Limits on consumers’ Internet use fuel calls for federal investigation
Liberals and consumer advocates are pushing the Obama administration to
investigate Internet providers for limiting the amount of online
material that customers can consume each month.
Critics of data caps say they are unnecessary and are unfairly used by monopolists to squeeze more profits out of consumers.
{mosads}Advocacy groups including Public Knowledge and Free Press are urging the Federal Communications Commission (FCC) to review the practice and are lobbying Congress to hold hearings.
“Data caps can create an artificial scarcity in the broadband market that limits consumer choice and hinders the creation of new competitive content online,” Christopher Lewis, Public Knowledge’s top lobbyist, said in a statement last month.
Sen. Ron Wyden (D-Ore.) introduced legislation last month to regulate data caps.
Internet providers defend the caps and say customers who use the Internet the most should pay more.
The issue could flare into a major regulatory battle in the new Congress.
Many broadband Internet providers charge extra fees to customers who surpass their data limits, while others slow down or cut off service entirely.
Cellphone providers also offer various data tiers and charge customers hefty fees if they surpass their monthly limits.
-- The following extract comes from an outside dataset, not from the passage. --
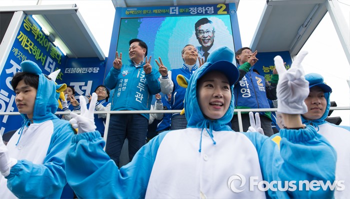 (김포=포커스뉴스) 김종인 더불어민주당 비대위 대표 겸 선대위원장이 8일 오후 경기 김포 장기사거리에서 김두관 김포시갑 후보와 정하영 김포시을 후보 합동지원유세를 하고 있다.

Industry leaders AT&T and Verizon have eliminated their unlimited data plans altogether.
Michael Weinberg, an attorney for Public Knowledge, argued that data caps discourage people from using data-heavy services, like streaming high-definition videos.
As more TV shows and movies become available on websites like Netflix and Hulu, consumers may choose to watch TV exclusively via the Internet, dropping expensive cable TV packages.
That worries cable companies like Comcast and Time Warner, which provide both TV and Internet service.
Weinberg said cable companies might use data caps to prevent customers from watching all of their TV on the Internet, thus forcing them to continue paying for cable TV packages.
Netflix fears that the cable companies are looking for a way to kill off competition and has lobbied Congress to investigate data caps.
“When you couple limited broadband competition with a strong desire to protect a legacy video distribution business, you have both the means and motivation to engage in anticompetitive behavior,” David Hyman, Netflix’s general counsel, said during a House hearing last year.
A report last month from the New America Foundation, a public policy group, concluded that data caps are “motivated by a desire to further increase revenues from existing subscribers and protect legacy services such as cable television from competing Internet services.”
But a separate report, funded by the cable industry, found that data caps actually benefit consumers.
The researchers wrote that data tiers allow Internet providers to offer cheaper Internet service to customers who just want to check email and browse the Web, while charging more to customers willing to pay for hours of video streaming.
“Our point is we see this as a consumer fairness issue,” said Brian Dietz, a spokesman for the National Cable and Telecommunications Association (NCTA), an industry lobbying group. “Every consumer doesn’t have the same bandwidth needs.”
Wyden’s bill, the Data Cap Integrity Act, would require the FCC to set standards for how Internet providers measure data and would require that data caps be designed to manage network congestion without unnecessarily discouraging Internet use.
NCTA called Wyden’s bill “ill-conceived legislation” that “ignores the substantial pro-consumer benefits of usage-based pricing.”
“Usage tiers give consumers more choices to better fit their bandwidth needs, and they rightly distinguish between low-volume users and high-volume users, as is true for many products and services,” the group said.
It is unclear whether the FCC plans to take any action on data caps.
Chairman Julius Genachowski has given conflicting signals, at times suggesting he is concerned about caps and on other occasions saying there is nothing wrong with the practice.
Whether the FCC takes action on data caps might depend on the outcome of Verizon’s lawsuit challenging the FCC’s net-neutrality regulations, which require Internet providers to treat access to all websites equally.
Verizon argues that the FCC has only limited authority to regulate the Internet. If the court agrees, the FCC could be powerless to address concerns over data caps.
At least one commissioner, Republican Ajit Pai, believes that his Democratic colleagues will try to push data cap regulations if they beat Verizon in court.
“I would not be surprised if the FCC looked into whether we should stiffen our oversight of the network management practices of wireless broadband providers and whether we should begin to regulate usage-based pricing,” Pai said in a speech last month. “With a court victory under the commission’s belt, I believe that the net-neutrality order would be the first step, not the last, on our regulatory path.”